I sigh again. That doesn’t surprise me. Hidden behind their computers, people willy-nilly send out crazy, sometimes threatening messages. I heard the other day some actress received a death threat for tweeting in favor of her alma mater’s hockey team. Don’t even get me started about the hateful reviews people leave about my biographies on online sites.
Yeah, it’s easy to imagine that Margery and her family received death threats.
“Anyway, after Margery committed suicide and her parents died from serious bouts of cancer that were probably brought on by stress, Ted said he was assigned to put Margery’s sister in
a program.”
“A program?”
“Yes, a program. Something like a witness relocation program. That is, the sister was given a completely new identity and relocated to…” She motions at the piece of paper she has just handed me.
I open it and read aloud, “564 High Street, Portstewart.”
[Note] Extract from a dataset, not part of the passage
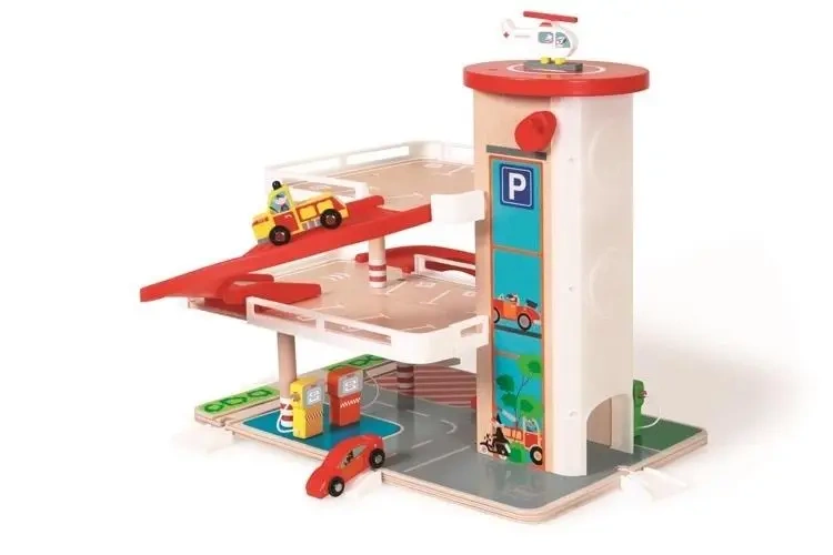 Drewniany garaż składa się z kilku poziomów, wraz z miejscami do tankowania i parkowania, a nawet z lądowiskiem dla helikoptera. W najbardziej kompletnej formie zestaw zawiera też dodatkowe 5 plastikowych ramp, 2 drewniane autka, drewniany helikopter oraz 3 zdejmowane drewniane pompy paliwowe.

“That’s right. She was given a house and a new identity. I asked Ted for her new name, but he said he never knew that part --he was just the one who found her and purchased a house for her. But the name she chose after she moved to Northern Ireland was only known to those who reissued her documents. Ted only told me this when I informed him it was the Prince who was searching for Margery --Ted felt distraught about that. If Margery told anybody what happened, it would have been her sister. But this information is confidential. I must have your word on that. It is to be kept between you, me, Ted and, of course, the Prince.”
I agree wholeheartedly and two minutes later I shut the door behind Margaret, scrambling for my cell phone.
“Lizzie, how are you?” the voice at the other end asks.
Chapter 16
I’m not sure if we are the happiest two people to ever go on a road trip. It has taken the Prince a week to get out of all his charity engagements. He told everyone at Buckingham he wasn’t feeling well and asked to take a mini-break away from the crowds while recovering. That didn’t go over well with his mother, who wanted him in bed at Buckingham while he recovered.
“What will people think if you miss the National Breast Cancer Society Gala and go gallivanting off around the countryside.”
“I won’t be gallivanting. I’ll be resting, at a friend’s house in peaceful Scotland,” he told her, and sealed the deal by getting one of his old buddies from Eton to call his mother and assure her that “Alex will be fine, he’s staying with us in Oban, and we’re just having a few quiet days. Not to worry, your Royal Highness, nobody will ever know he’s here. He can get as much rest and relaxation as he needs.”